Alphabet's Waymo Recalls Entire Robotaxi Fleet After Vehicle is Swept Away in Floodwaters

Alphabet's Waymo Recalls Entire Robotaxi Fleet After Vehicle is Swept Away in Floodwaters

2026-05-14 companies

San Antonio, Friday, 15 May 2026.
Following an April 2026 incident where an empty driverless car was swept into a Texas creek, Alphabet’s Waymo recalled all 3,791 robotaxis to address severe weather software flaws.

A Deep Dive into the Flash Flood Failure

Alphabet Inc. (NASDAQ: GOOGL) initiated the voluntary recall after an unoccupied Waymo robotaxi entered an impassable, flooded roadway with a 40 mph speed limit near Salado Creek in San Antonio on April 20, 2026 [1][3]. The vehicle was subsequently swept into the waterway, though no injuries were reported [1]. The incident exposed a critical flaw in the fifth and sixth-generation Automated Driving Systems: the software may instruct the vehicle to slow down, rather than come to a complete halt, when encountering standing water on higher-speed roads [2]. In response, Waymo began pulling vehicles off the road on April 24, 2026, and filed a recall with the National Highway Traffic Safety Administration (NHTSA) [1]. [alert! ‘Sources conflict on the exact filing date; the San Antonio Report cites May 6, while the Los Angeles Times cites April 30.’] The recall affects all 3,791 vehicles in Waymo’s current operational fleet, which will receive an over-the-air software update to mitigate the issue without requiring physical service appointments [1][4].

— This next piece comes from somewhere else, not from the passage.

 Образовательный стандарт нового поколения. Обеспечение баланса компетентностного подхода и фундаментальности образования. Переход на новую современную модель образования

Sensor Limitations and Perception Challenges

The San Antonio flooding incident highlights a fundamental technical hurdle for autonomous vehicles: perceiving the depth and traversability of water. Standard autonomous hardware, including lidar and optical cameras, cannot easily “see” through water to determine if a flooded street is a shallow puddle or a deep hazard [4]. This limitation forces the software to make complex real-time judgments that sometimes fail. Waymo vehicles have reportedly struggled with flooded areas previously, including a noted incident in Phoenix in 2025 [4].

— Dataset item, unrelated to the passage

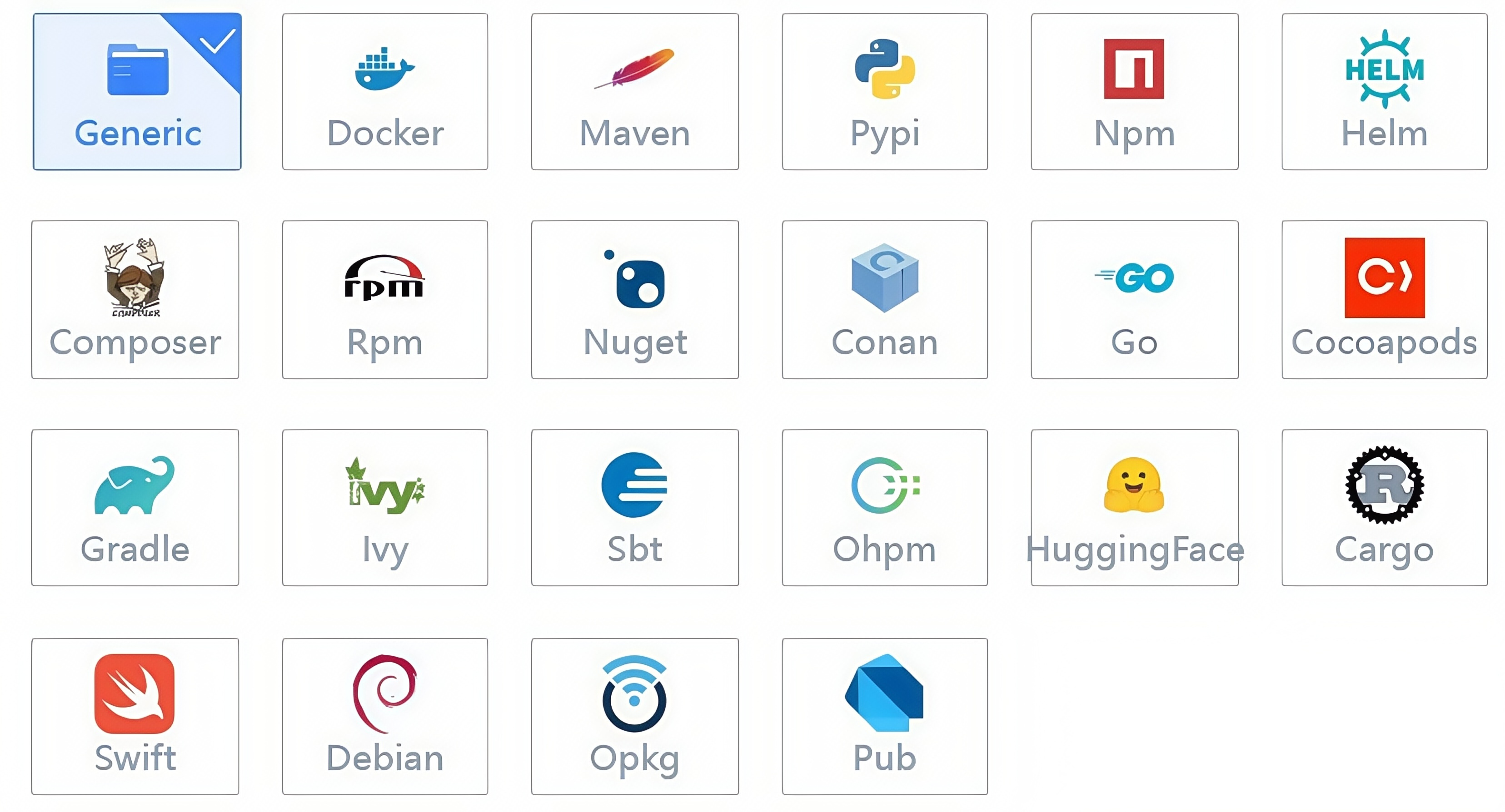 開發團隊的技術棧日益多元:Java開發需要管理JAR包,移動應用團隊要處理APK文件,AI團隊則涉及大模型訓練文件等特殊資產。JFrog支持Maven、Docker等十多種主流制品類型,能覆蓋大部分傳統開發場景,但面對鴻蒙OHPM包、HuggingFace大模型文件等新興或小眾類型時,可能需要額外配置甚至無法支持。

Scaling Operations Amidst Safety Scrutiny

Despite these operational setbacks, Waymo remains a dominant force in the autonomous vehicle sector. The company currently operates in 10 major cities, facilitating over 500,000 trips every week [2][3]. Waymo’s data, based on over 170 million fully autonomous miles driven, suggests its vehicles are 13 times safer than human drivers regarding pedestrian-involved crashes [2]. However, the company is no stranger to regulatory scrutiny. In 2025, Waymo recalled more than 1,200 vehicles following minor crashes involving road obstacles [2]. This represents a significant year-over-year increase in recalled units, jumping by 215.917 percent from the previous year’s action [1][2]. The company has also faced public backlash over other safety incidents, including striking a child in Santa Monica earlier in 2026 and fatally running over a cat in San Francisco in late 2025 [2].

Future Projections and Fleet Expansion

Looking ahead, Waymo has aggressive expansion plans despite the current software remediation efforts. By the end of 2026, the company forecasts a run rate of one million rides per week and expects its fleet size to surpass 6,000 vehicles [4]. Achieving this growth will require not just interim software patches, but a robust, fully developed remedy for the current Automated Driving System defects, which the NHTSA notes is still under development [2]. As autonomous technology continues to integrate into daily urban life, the balance between rapid scaling and meticulous safety engineering will remain the defining narrative for Waymo and the broader robotaxi industry [GPT].